Калл обнаружил, что ему трудно следить за ходом мысли Гуднайта. Раньше речь не заходила ни о банках, ни о бухгалтерии. Что он хотел этим сказать?

— Банкиры живут бухгалтерией, — проинформировал его Гуднайт. — Они объявляют тебя банкротом, если у тебя нулевой баланс или ты не можешь оплатить по векселям. Ты круглый дурак, если думаешь, как банкир.

— Я не думаю, как банкир, — заверил его Калл. — У меня нет даже банковского счета.

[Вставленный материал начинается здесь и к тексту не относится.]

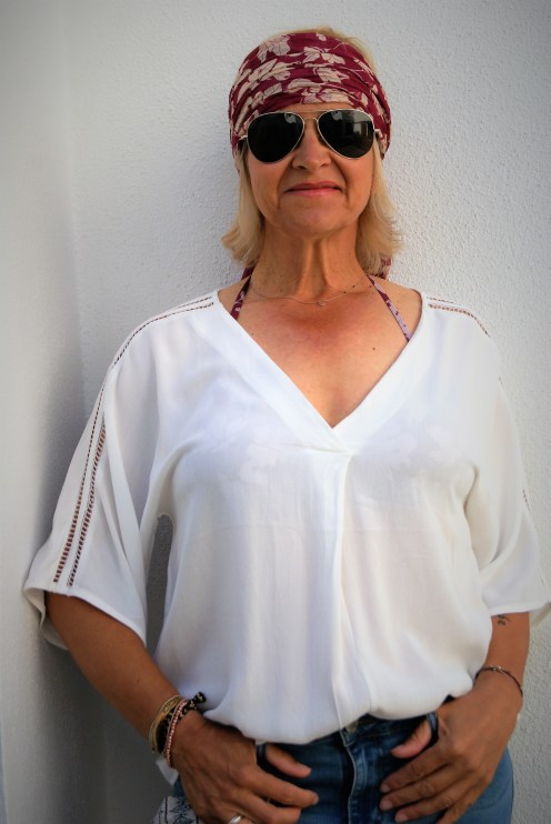 Was man nur erahnen, bzw. an den Trägern sehen kann,  ist, dass ich auch den Bikini im Print der Tasche und des Tuches dazu an habe, aber soviel Freizügigkeit kann ich mir nicht mehr erlauben, das überlasse ich den knackigen Jungen.
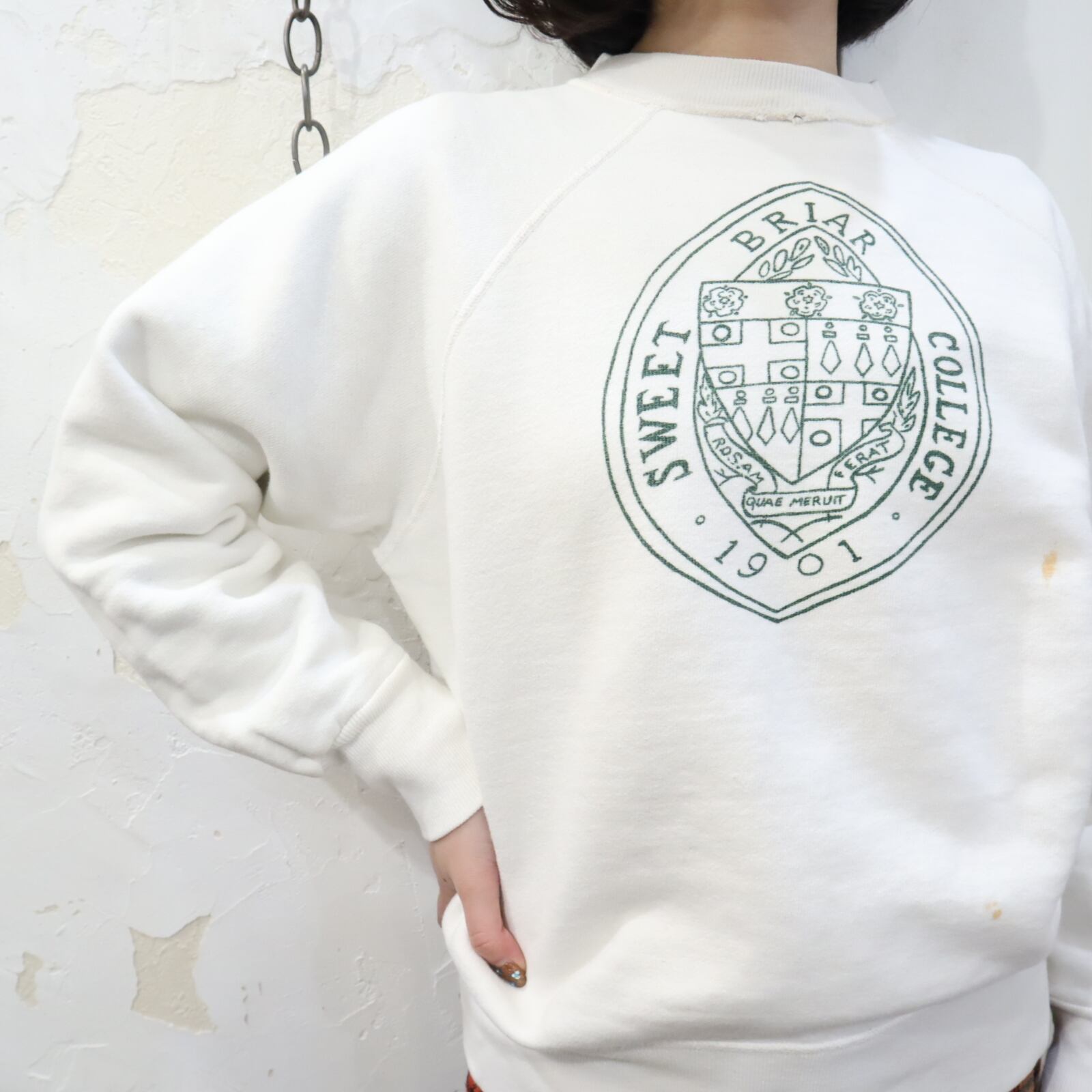60s white×green print sweat [k-2571]

— Это была смелая затея — привести ту отару в Йеллоустон, — сказал Гуднайт. — Ты прошел прямо через земли сиу и чейеннов. Тут нужна была смелость. И не давай банкирам убедить себя в том, что ты неудачник, потому что прогорел на этом. Я прогорал девять раз в своей жизни и могу прогореть еще раз, прежде чем сыграю в ящик. Но я никогда не терялся — ни днем, ни ночью, ни в дождь, ни в ясную погоду — и не считал себя неудачником.

— Интересно, знает ли Рой Бин что-нибудь про мальчишку Гарзу? — спросил Калл.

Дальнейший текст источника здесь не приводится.